Certainly, these are merely some initial thoughts, but I think they represent the start of a productive direction.
Thelemic Psychology: A Possible Theoretical Orientation
In putting this all together into a coherent Thelemic theoretical orientation, it might read something like this:
- The human experience can be explicated simply as Perfection-experiencing-Imperfection for the purpose of accumulating change.
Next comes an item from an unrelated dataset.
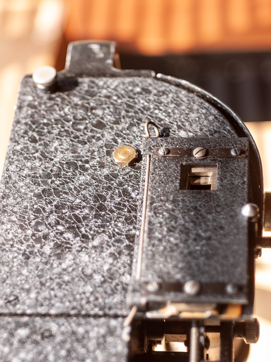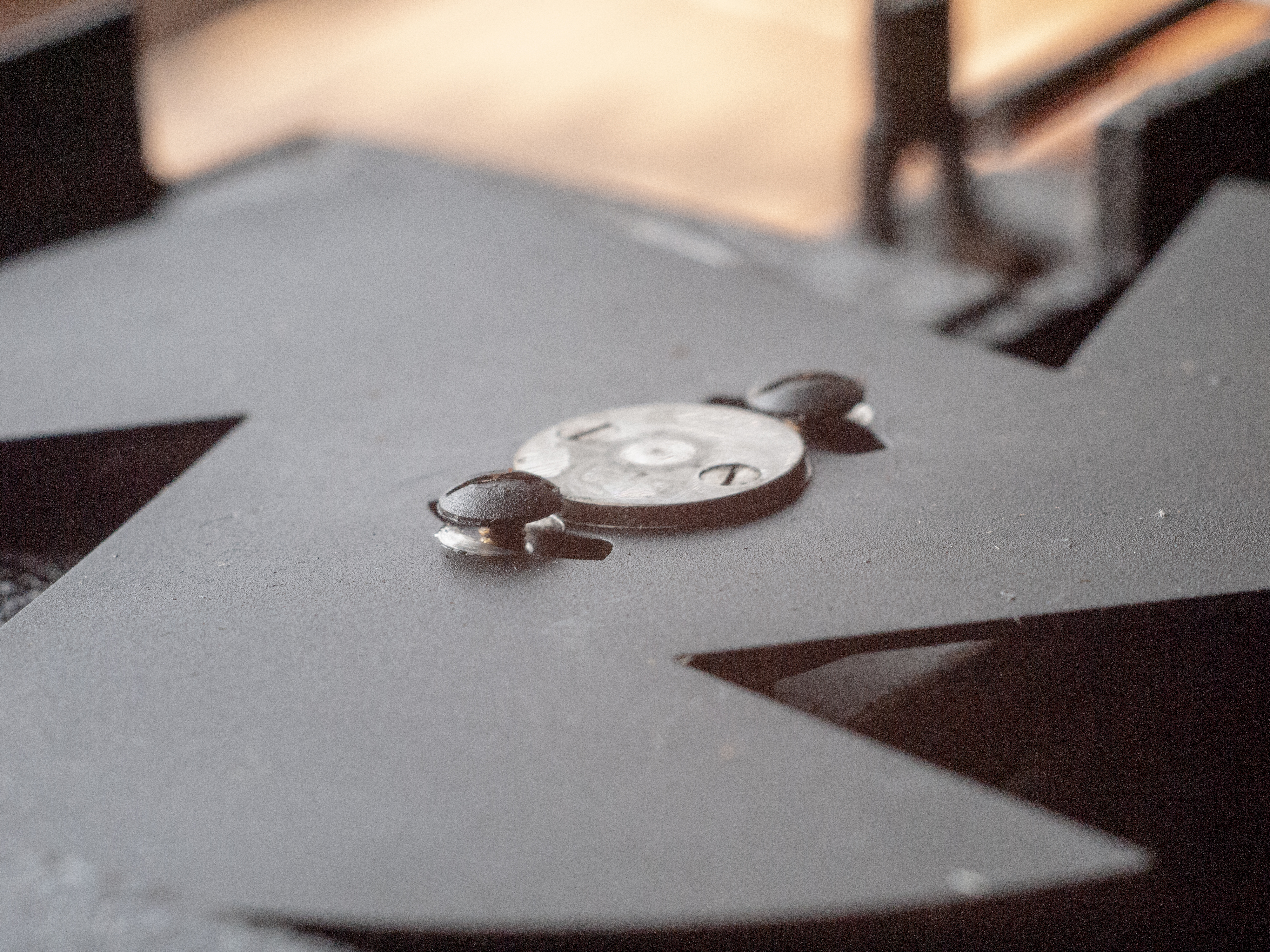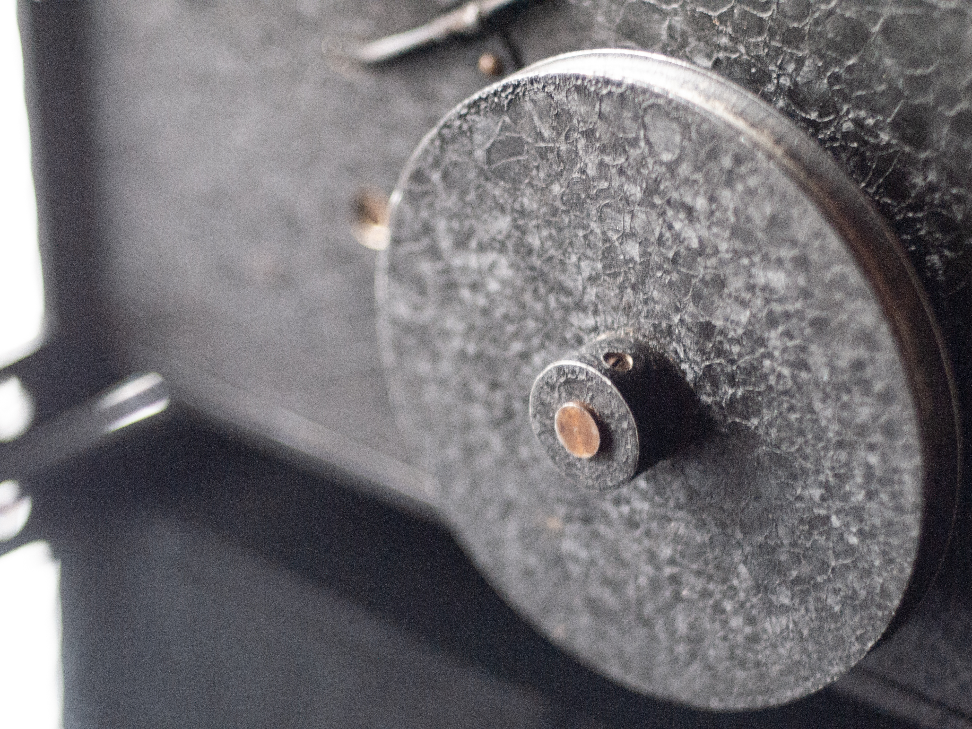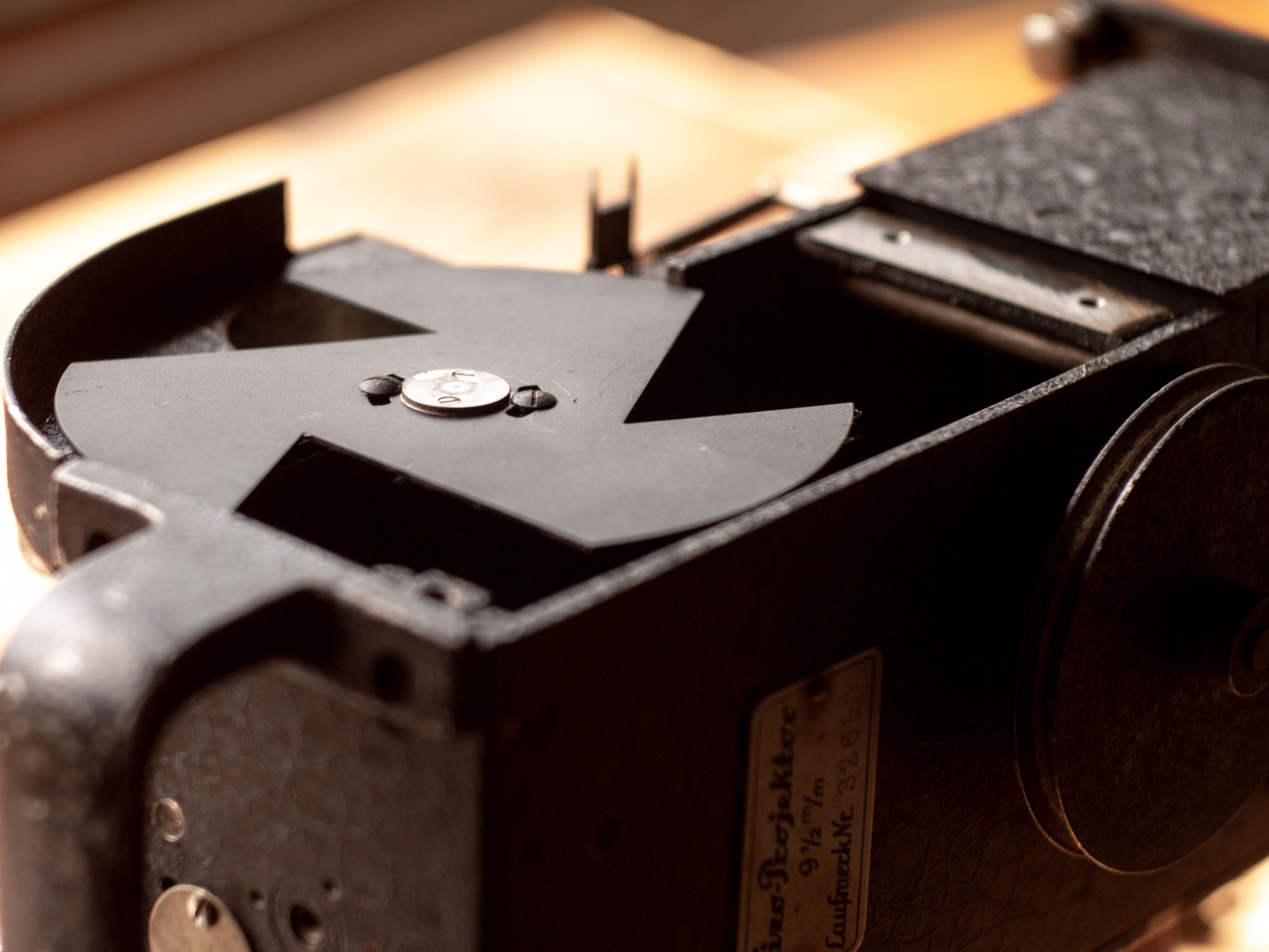 1) 映写機パーツの背面。中にシャッター羽根が格納されています。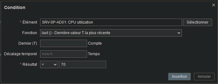 Dans la partie « Expression que vous voyez ci-dessus, vous pourrez cliquer sur le bouton « Ajouter » placé à droite, ce qui vous redirigera vers la petite fenêtre ci-dessous, à partir d’ici vous pourrez sélectionner l’élément, c’est à dire l’hôte qui fera l’objet d’une vérification par le déclencheur et un profil de déclencheur spécifique selon vos besoin, pour notre part, il nous faudra mesurer l’utilisation CPU, donc il nous faut un profil d’utilisation CPU à associer à notre hôte cible, cela nous génèrera une expression et après nous utiliseront les manipulateurs <|> ou = et une valeur, pour notre part, nous voulons une valeur ne dépassant pas 70 donc <70.

This provides us with the basis of pathology without demeaning ourselves in the process. Imperfection is life being experienced. The experience of joy is as imperfect and bodily as the experience of grief, yet both are necessary for life fulfillment. There is no difference save in degree and the experience we accept of each as necessary at that moment. I also have to be careful to note that this principle is not a moral value statement. Grief still sucks. New Relationship Energy is still elating.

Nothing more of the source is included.